Evitate che i vostri riscaldatori a infrarossi si guastino prematuramente
Ecco la verità sui riscaldatori a infrarossi impermeabili: quasi sempre si rompono proprio nel punto in cui i fili elettrici si connettono al componente di riscaldamento. Se li utilizzate in ambienti umidi o in contesti industriali, è proprio in quel punto che nascono i problemi. La maggior parte di questi dispositivi viene assemblata utilizzando adesivi di scarsa qualità. Il problema? Tali adesivi diventano fragili ogni volta che il riscaldatore si accende e si spegne.
Perché si rompono davvero
Si tratta di questioni legate alla fisica: i fili elettrici si espandono quando sono caldi e si contraggono quando si raffreddano. Con il tempo, gli adesivi di scarsa qualità diventano fragili. Quando quel rivestimento si rompe, l’umidità può penetrare all’interno del dispositivo. È così che si verificano cortocircuiti o altri danni. Vediamo spesso questo fenomeno nei riscaldatori di “qualità commerciale” che utilizzano materiali di scarsa qualità. Quei materiali non sono adatti a resistere alle temperature elevate tipiche dei riscaldatori a infrarossi.
Come procedere correttamente
Se volete evitare questi problemi, dovete utilizzare un metodo di sigillaggio migliore.

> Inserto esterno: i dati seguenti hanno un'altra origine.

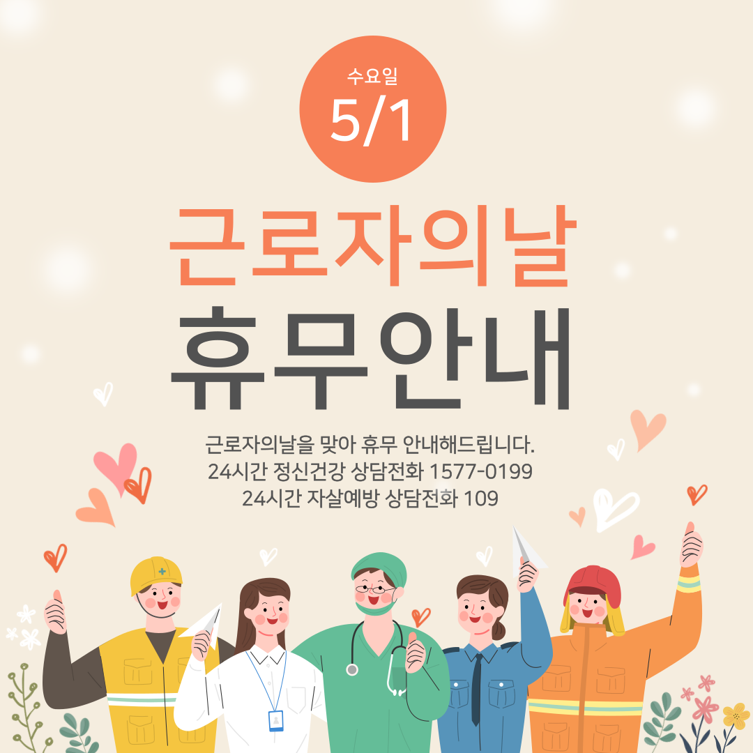 2024년 5월1일(수) 근로자의 날 휴무 안내 페이지 정보 작성자 남구정신건강복지센터 댓글 0건 조회 25,956회 작성일 24-04-29 14:37 목록 본문 이전글부산 남구정신건강복지센터 직원 채용 공고(채용 완료) 24.05.13 다음글부산중독관리통합지원센터 세미나 개최 안내 24.04.29 댓글 0 댓글목록 등록된 댓글이 없습니다.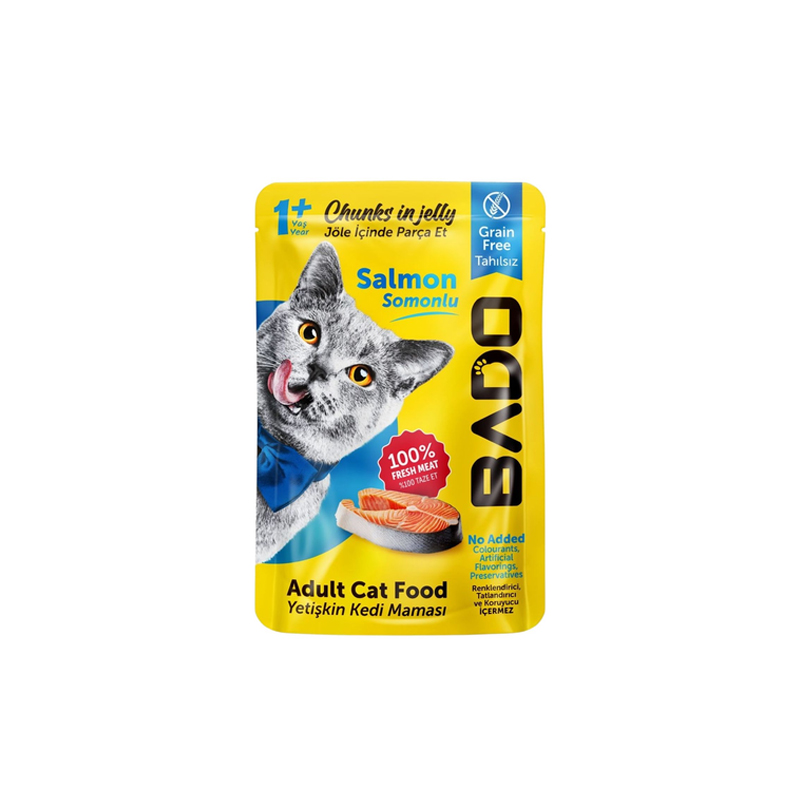 پوچ گربه بالغ بادو با طعم سالمون وزن 85 گرم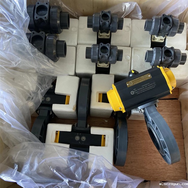 4、气动塑料蝶阀根据不同的介质有多种材料可选,耐腐蚀性强,体积小,适用于多种管路,应用范围广。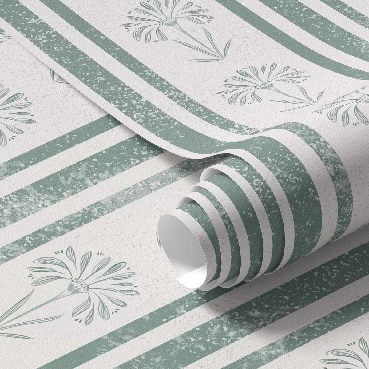 Papel tapiz Patrón de cinta con flores en tonos verdes Nr. a00732

Noi utilizziamo silicone ad alta temperatura o resine ceramiche specifiche, poiché rimangono flessibili anche alle temperature estreme. I fili vengono collegati con grande precisione, in modo da evitare che aria o acqua possano entrare all’interno del dispositivo. Successivamente, tutto il sistema viene sigillato sotto vuoto. Perché? Perché le bolle d’aria sono pericolose: se ne rimane una, essa si espanderà quando il dispositivo si scalda, causando la rottura del sigillante.

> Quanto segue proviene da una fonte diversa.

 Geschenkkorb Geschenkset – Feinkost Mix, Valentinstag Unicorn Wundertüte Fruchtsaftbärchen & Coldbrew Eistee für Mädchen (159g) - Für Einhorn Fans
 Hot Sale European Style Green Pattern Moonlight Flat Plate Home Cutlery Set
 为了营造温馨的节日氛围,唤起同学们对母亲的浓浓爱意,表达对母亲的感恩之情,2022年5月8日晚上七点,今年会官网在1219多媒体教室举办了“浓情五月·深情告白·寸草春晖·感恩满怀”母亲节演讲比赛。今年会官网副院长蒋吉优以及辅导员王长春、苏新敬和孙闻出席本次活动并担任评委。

Alcune cose da tenere a mente
C’è un compromesso da considerare: un sigillaggio migliore rende i fili leggermente più rigidi. Non si possono piegare i fili ad angoli acuti vicino al corpo del riscaldatore, altrimenti si rischia di rompere il materiale di sigillaggio. Assicuratevi quindi che i fili seguano una curva graduale. Inoltre, se il dispositivo vibra continuamente o è esposto all’umidità, controllate i sigillanti ogni sei mesi. Anche i dispositivi di migliore qualità si deteriorano se vengono sottoposti a condizioni estreme. È importante fare bene il sigillaggio fin dall’inizio, altrimenti dovrete sostituire frequentemente i dispositivi.